И тут что-то коснулось моего плеча. Я отмахнулся, не глядя, и меня снова потрогали. Я обежал дерево, но так и не понял, что это было, пока не услышал:

— Кеван?

Он вырос, пух на голове стал гуще, но я его сразу узнал. Я четыре раза принимался что-то бормотать, прежде чем вспомнил фразы, которые выучил.

— Я рад, что ты вернулся, — сказал я ему по-киттмантельски. И еще: — Прости.

Я не сумел разобрать всего, что он говорил. Понял лишь то, что он наверняка сумеет залезть на седьмой ярус нашего дерева ханой. И он сумел… но я-то залез на девятый.

Я объяснил, когда мы снова сможем встретиться — коротенькими фразами. Йиналу понял, что я могу пропустить неделю, но потом все равно приду.

Мы начали примерно с того, чем кончили, и было очень весело. Как-то он принес бумеранг, и мы по-всякому его метали. А в другой раз он принес мячик с отверстиями, которые открывались, когда он начинал падать. Поэтому ловить его было труднее, но и куда интереснее.

Неделю мы все-таки пропустили, потому что начались дожди. А через пару недель дождь полил, когда мы уже играли. Я тут же побежал к Рейчел, но все равно промок до нитки. Мне казалось, она никогда не высушит мои вещи, и мама наверняка обо всем догадается. Пришлось сказать, что я немного промок по пути к машине.

В следующий раз я повел Йиналу на юго-восток от леса к реке, которая протекает через его родной город. Но только когда я почти совсем разделся и объяснил, что мы поплывем наперегонки к другому берегу, он сказал мне, что не умеет плавать.

Папа и Рейчел пытали меня, относится ли это только к нему или ко всем фрухам. Я спрашивал у него, но он больше ничего не объяснил. Видимо, ему разрешили говорить только о себе. Но папе и Рейчел нужно было больше.

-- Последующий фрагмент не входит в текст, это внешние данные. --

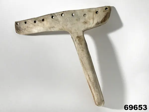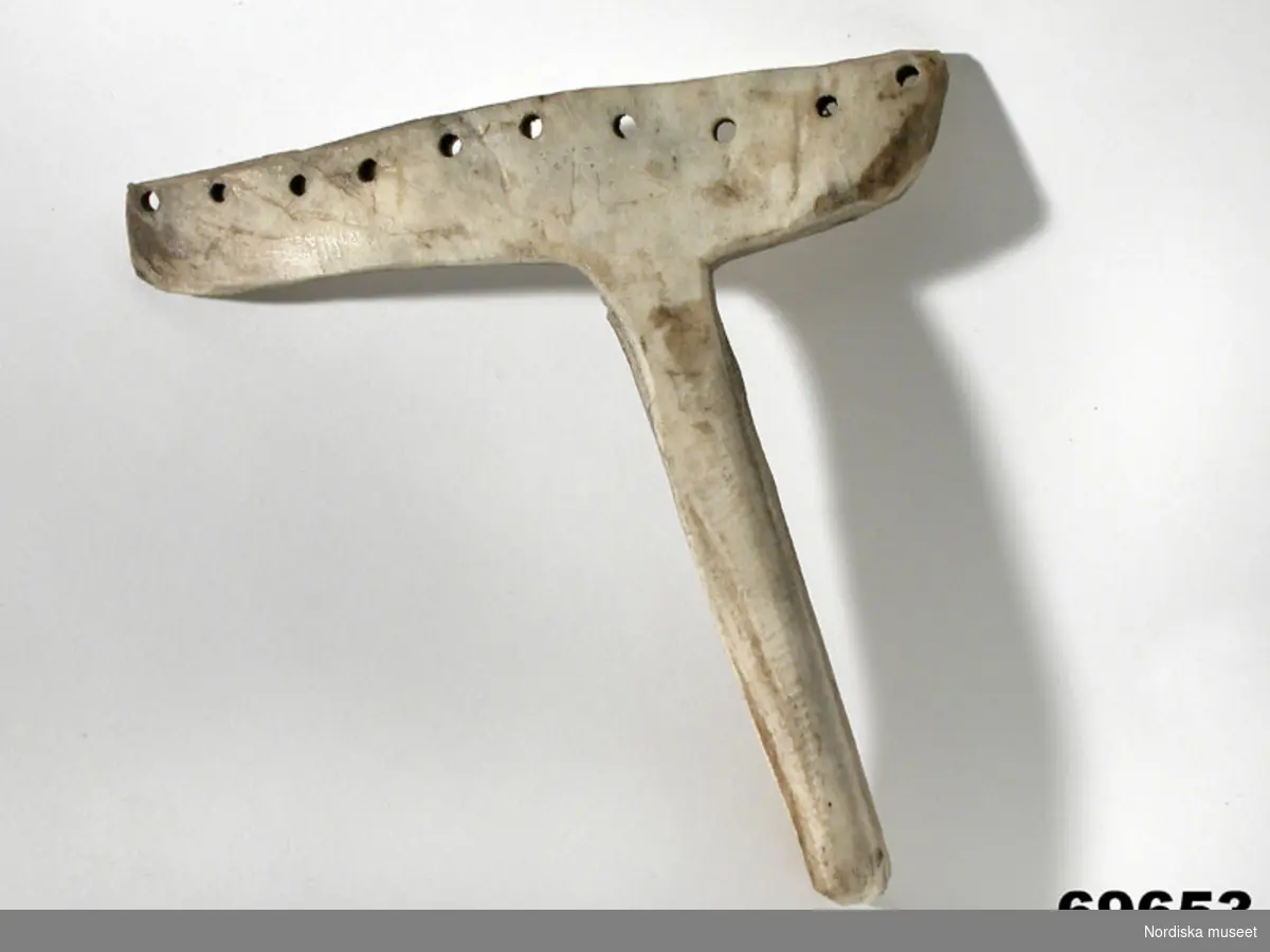 "Refsticka fr. Enontekis kapellförs. Finska lappmarken. Från Kätkesuando. Af renhorn. Brukas att refva garn på till stora väfvar. Ink. af jägmästaren Hugo Samzelius jämte 69.654. 1891. Bil. Samzelius 355."
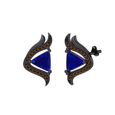Lab safir ve dumanlı kuvars 925 ayar siyah rodyum kaplama gümüş küpe
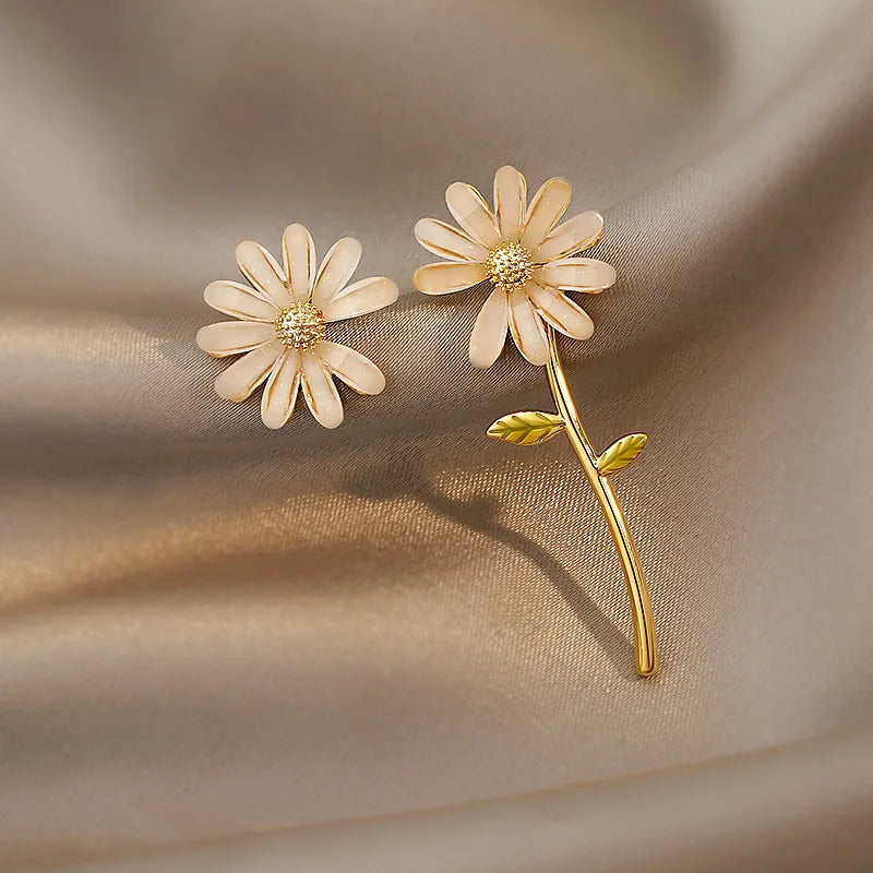 Summer New Korean Floral Daisy Flower Drop Earrings Fashion Fresh Sunflower Asymmetric Earrings Girl Ears Jewelry Brincos Gift
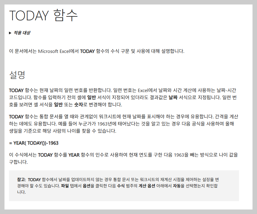 - TODAY 함수는 인수가 필요 없으며,
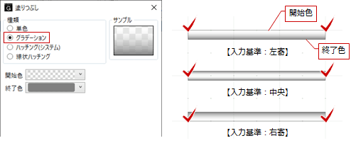 線状塗りにグラデーションをかける場合は、「グラデーション」をONにします。
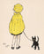 A young girl named Pat Leslie, stylishly dressed in a yellow coat and hat, is seen taking her small black dog, Smut, for a stroll. This scene is beautifully captured on the cover of Us, designed by the talented Cecil Aldin.
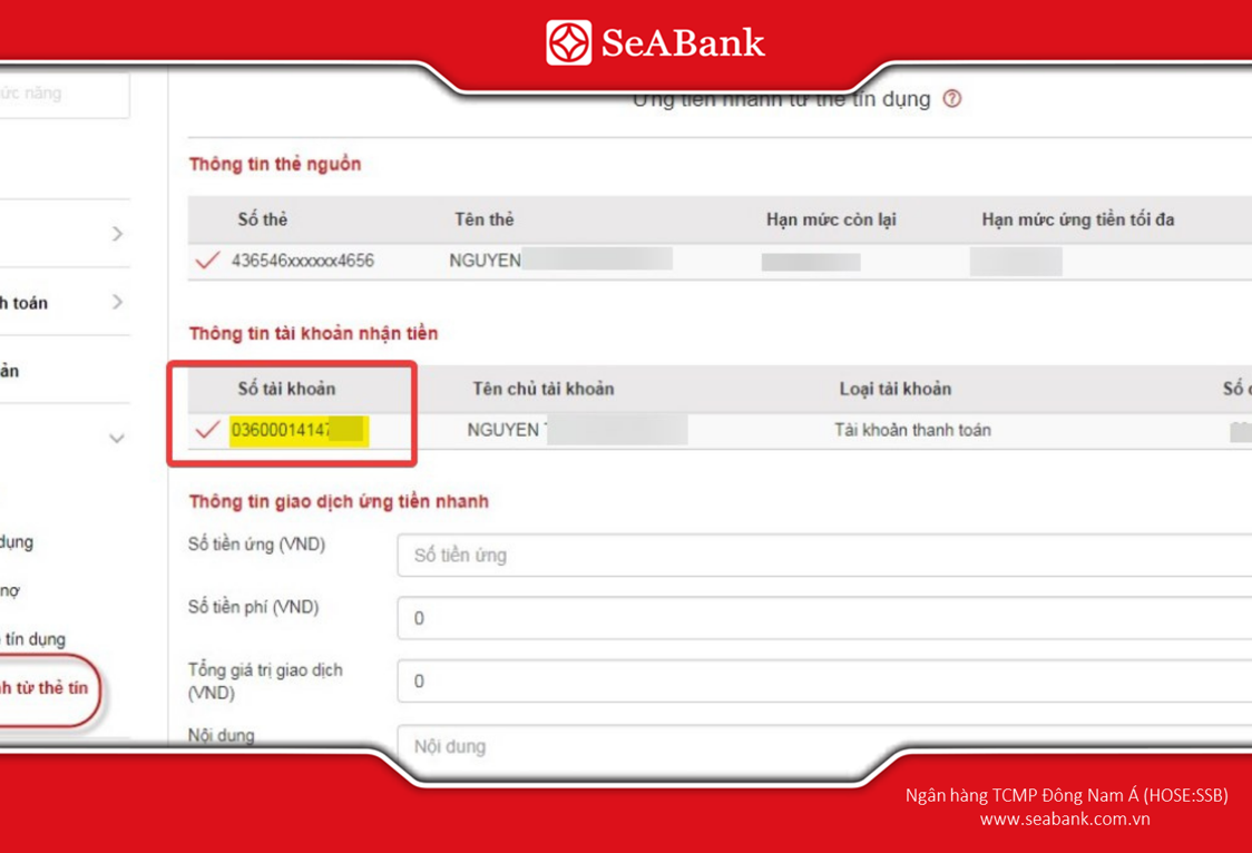 Số tài khoản có thể tìm thấy trên hệ thống Internet Banking SeANet của SeABank

Они хотели, чтобы я расспрашивал Йиналу обо всем на свете. Я старался, но мой киттмантель был для этого недостаточен, да и мне-то нравилось встречаться с ним совсем по другой причине. Они это вроде понимали, но все равно стояли на своем.

На зиму нам пришлось прервать наши встречи, но я уже наловчился разговаривать с Йиналу, и он понял, что я вернусь. Уйти в этот последний раз было нелегко, хотя я и знал, что это не навсегда.

Папа забрал меня к Рейчел на следующей неделе для новых расспросов. Рейчел нас встретила, одетая, как на праздник. Не знаю, зачем она утруждалась. Они с папой просто задавали вопросы, все те же вопросы, на которые у меня не было ответа.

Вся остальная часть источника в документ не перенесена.